Instructions for the task |
Set the pictures aside and write down, exactly as they appear, the lines from the one containing "PanzerGlass™ screen protector" through the end of the material.

Available data |
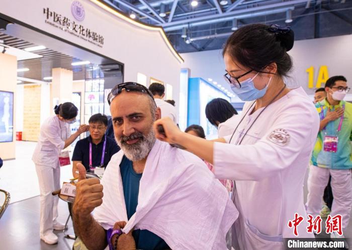 活动还没开始,两位来自伊朗的记者就等候在现场,其中一位伊朗记者巴赫里迫不及待地询问特色体验何时开始,“我们平时不是趴在电脑前写作就是扛着摄影设备,肩颈很不舒服,再加上工作压力大和倒时差的问题,睡眠也不太好。中医有什么好办法吗?”
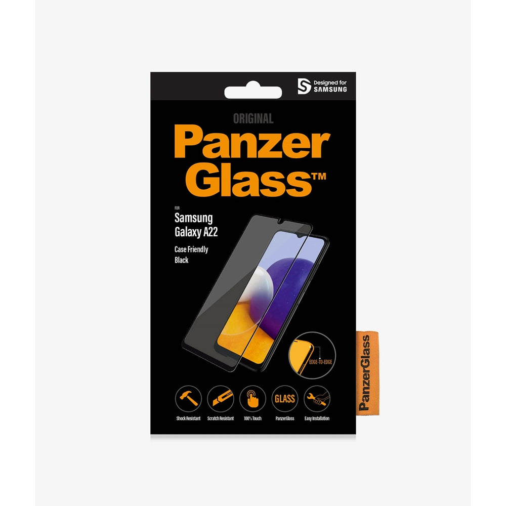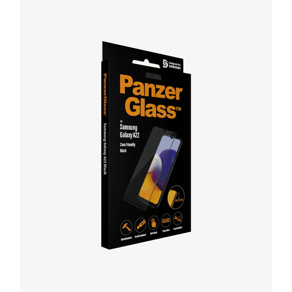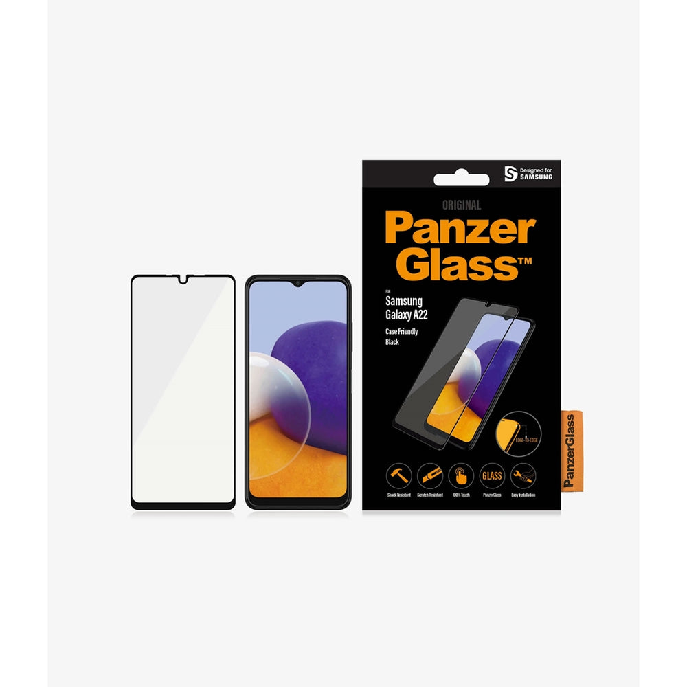 PanzerGlass™ screen protector for Samsung Galaxy A22 4G in black is case friendly and covers the entire surface of the screen. It provides you with the highest standard of screen protectors, while preserving 100% touch sensibility. To mirror the touch and feel of the original display PanzerGlass™ is coated with an oleophobic layer, which both is anti-bacterial and anti-fingerprint.
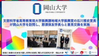 岡山大学:文部科学省高等教育局大学振興課地域大学振興室の石川雅史室長が岡山大学を訪問し、那須保友学長らと意見交換を実施 ニュースの要約 文部科学省高等教育局大学振興課地域大学振興室の石川雅史室長が岡山大学を訪問し、那須保友学長らと意見交換を実施 意見交換では、高等教育機関や地方公共団体、地域の協議体との連携による地域のアクセス確保や地方創生の取り組みを推... ニュース: 2025.10.19 ニュース

Output for this exercise |
 PanzerGlass™ screen protector for Samsung Galaxy A22 4G in black is case friendly and covers the entire surface of the screen. It provides you with the highest standard of screen protectors, while preserving 100% touch sensibility. To mirror the touch and feel of the original display PanzerGlass™ is coated with an oleophobic layer, which both is anti-bacterial and anti-fingerprint.
 岡山大学:文部科学省高等教育局大学振興課地域大学振興室の石川雅史室長が岡山大学を訪問し、那須保友学長らと意見交換を実施 ニュースの要約 文部科学省高等教育局大学振興課地域大学振興室の石川雅史室長が岡山大学を訪問し、那須保友学長らと意見交換を実施 意見交換では、高等教育機関や地方公共団体、地域の協議体との連携による地域のアクセス確保や地方創生の取り組みを推... ニュース: 2025.10.19 ニュース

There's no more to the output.